**MATERIAL PROVIDED**
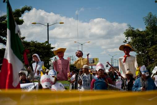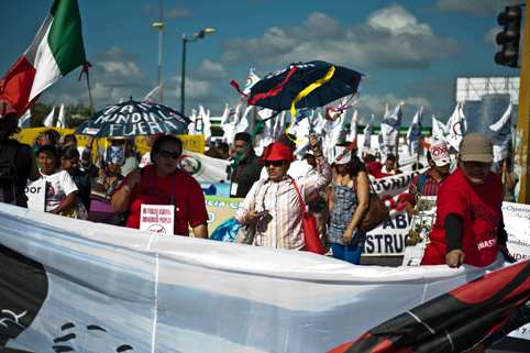 主辦方稱當天有數千人參加了示威游行活動。然而由于此次游行在距離會場幾十公里外的坎昆城舉行,因而對會議本身的影響很小。墨西哥警方也增派了大量警力鎮守,現場秩序比較穩定,民眾和警察之間沒有發生沖突。
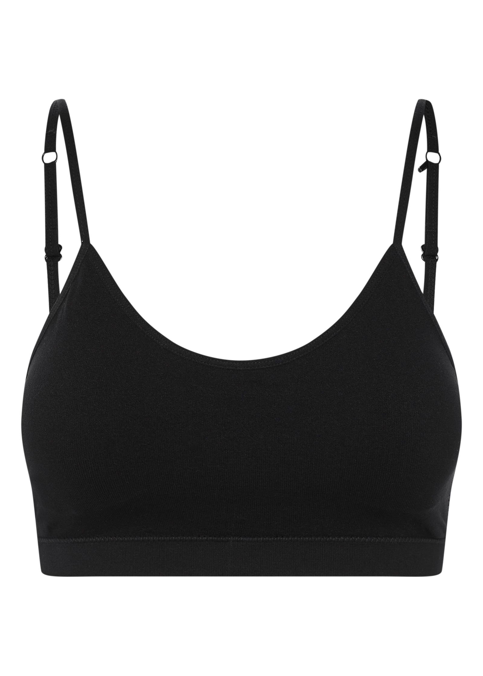 Klasikinė juoda spalva su subtilia briaunuota tekstūra. Sportinio tipo siluetas, reguliuojamos petnešėlės ir išimami kaušeliai leidžia pritaikyti liemenėlę pagal save.
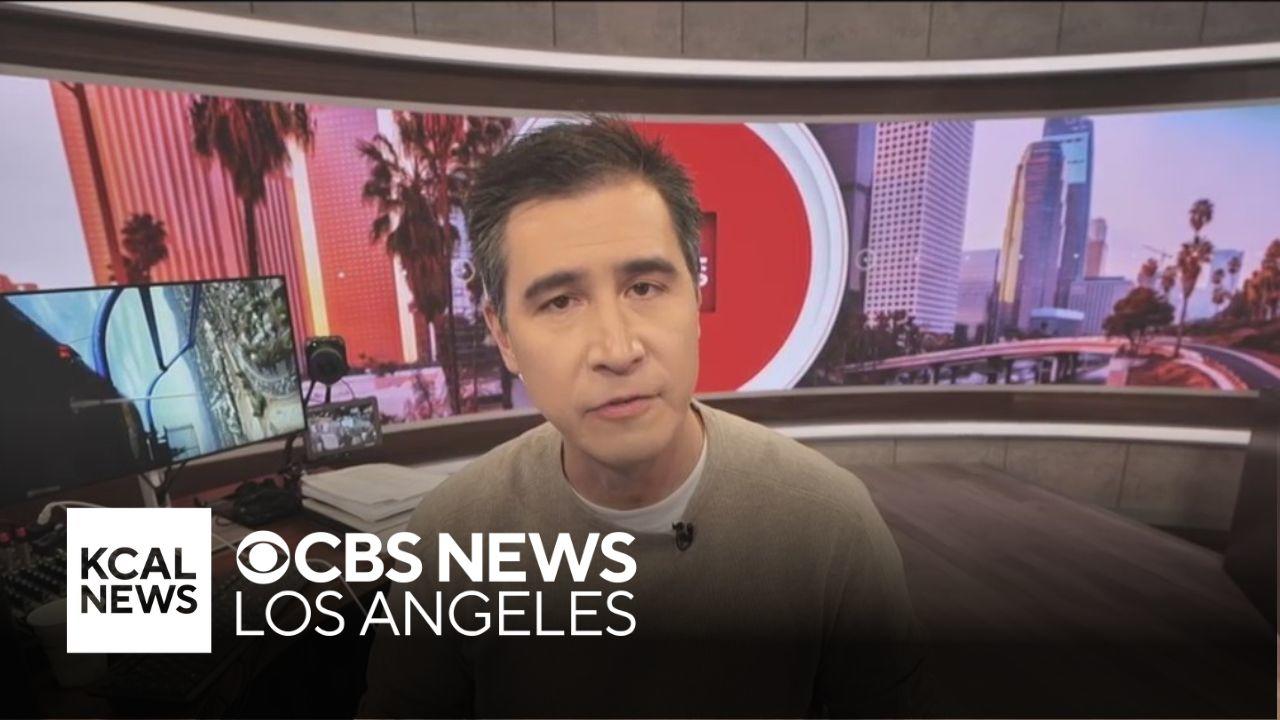 KCAL Assignment Desk Editor Mark Liu chokes up on air after his friends find out they lost their home in the Eaton Fire.

**AIM OF THE EXERCISE**
Keep every word of the material exactly as given. Drop the pictures.

**ANSWER SECTION**
 主辦方稱當天有數千人參加了示威游行活動。然而由于此次游行在距離會場幾十公里外的坎昆城舉行,因而對會議本身的影響很小。墨西哥警方也增派了大量警力鎮守,現場秩序比較穩定,民眾和警察之間沒有發生沖突。
 Klasikinė juoda spalva su subtilia briaunuota tekstūra. Sportinio tipo siluetas, reguliuojamos petnešėlės ir išimami kaušeliai leidžia pritaikyti liemenėlę pagal save.
 KCAL Assignment Desk Editor Mark Liu chokes up on air after his friends find out they lost their home in the Eaton Fire.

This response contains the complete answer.